Security Engineer, DevSecOps Engineer Sovcombank PJSC Jun 2022 – present
- Currently working mainly as a DevSecOps engineer ensuring a secure development lifecycle
- Helping developing secure authentication and authorization with OAuth 2.0 based solutions
- Having experience with GitLab, worked with Gitaly codebase (Go) on introducing the new feature. It allowed us to enforce commit signing policy for all commits including GitLab ones (using Web Editor, Web IDE, MR functionality, etc).

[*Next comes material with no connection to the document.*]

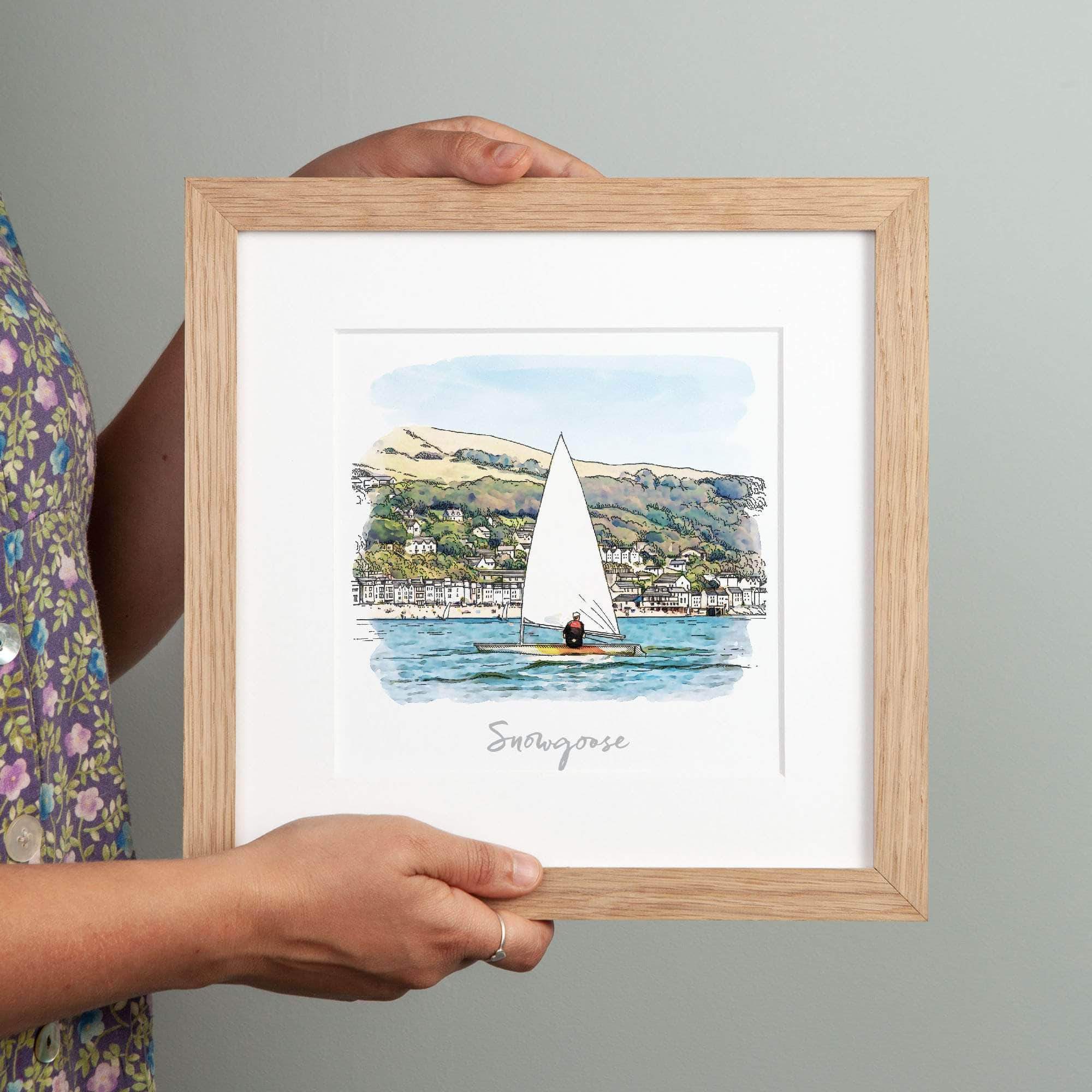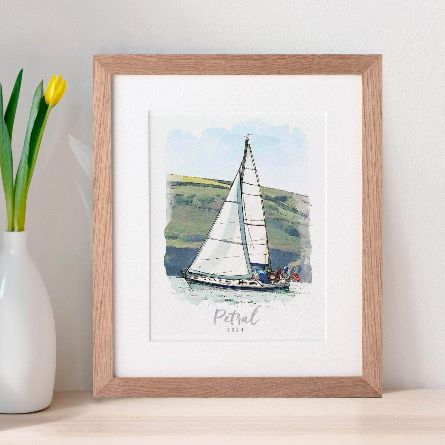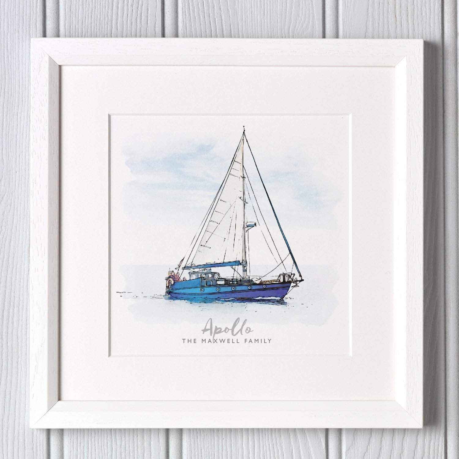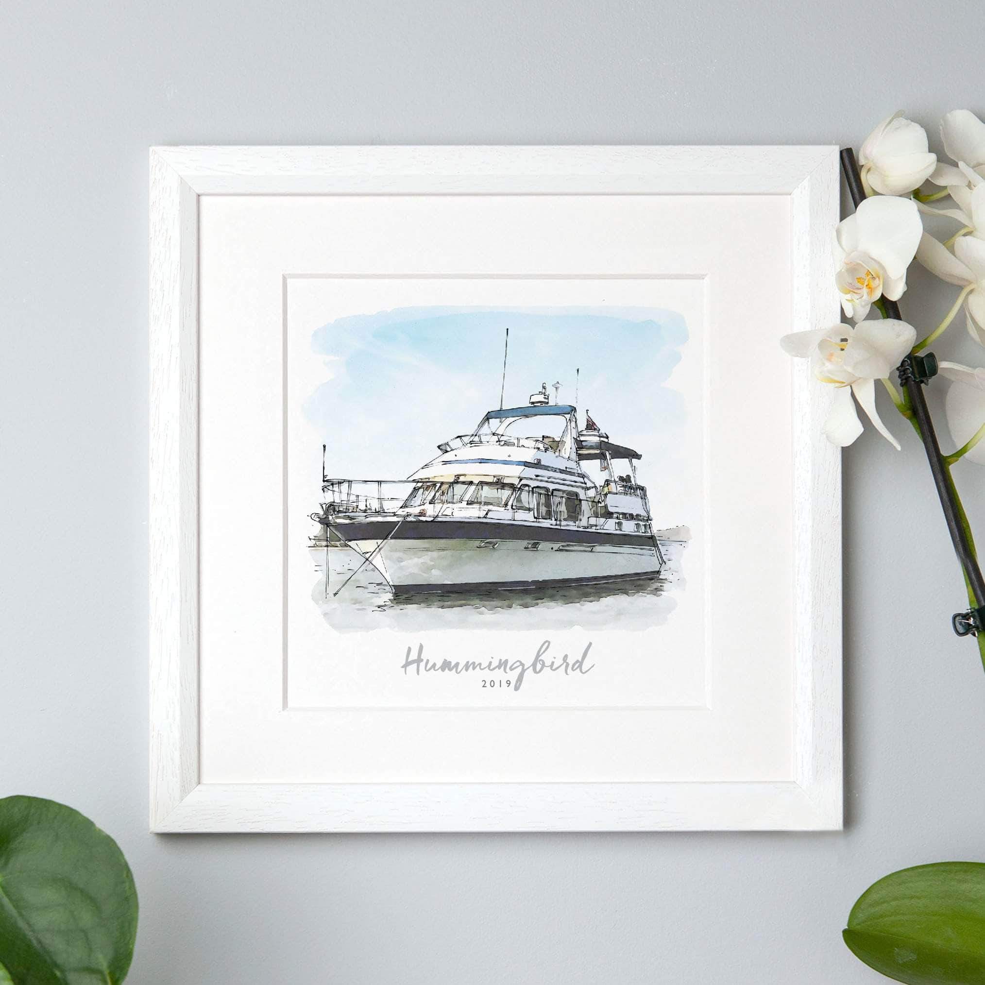 Capture the charm of your boat with a bespoke, hand-drawn watercolour illustration. Based on your photograph, our talented artists in Devon create beautiful, personalised sketches in a signature sketchy style, enhanced with painterly watercolour colouring.

Security Engineer, Penetration Tester Sovcombank PJSC Jan 2021 – Jun 2022
- Tested bank's external and internal information systems
- Acted as an analyst helping to develop secure apps
- Had experience in reverse engineering various apps
Golang software developer Sovcombank PJSC Jul 2018 – Jan 2021
- Developed my own open source alternative to a popular UNIX utility named cntlm which uses Kerberos instead of NTLM. escobar has received a strong feedback from my colleagues and solved a long-standing problem: a lot of software doesn't even support basic proxy authorization, let alone Kerberos. As a result, it highly increased security: the developers no longer used their domain credentials in plaintext scattered throughout the system.
- While working in the bank, I had a lot of experience with cryptography (e.g. I wrote and maintain a Go implementation of ECIES)
- Had an interesting project which required implementing our own library that used proprietary stateful binary protocol (with some ActiveX component reverse engineering). It allowed us to throw out old single-user ActiveX component and make an HTTP API for the mobile clients. Using this during COVID-19 pandemic we successfully switched a lot of workers from old IE-based setup to a simple smartphone.
- Designed and wrote public APIs and various microservices (mostly HTTP)
- Worked a lot with SQL (especially PostgeSQL)
- Of course I used Docker and GiLab's CI/CD
Software developer freelancer Jan 2016 – Jul 2018
- Mostly wrote messenger bots with various public API integrations (Telegram, Discord)
Computer science Kazan Aviation Institute Sep 2017 – Jun 2018
Theoretical physics Kazan Federal University Sep 2015 – Jun 2017
English Upper Intermediate
Tech enthusiast, developer and security engineer from Russia passionate about open source, software simplicity and privacy. By the way, this site uses plain HTML/CSS, has no trackers and fully meets accessibility requirements.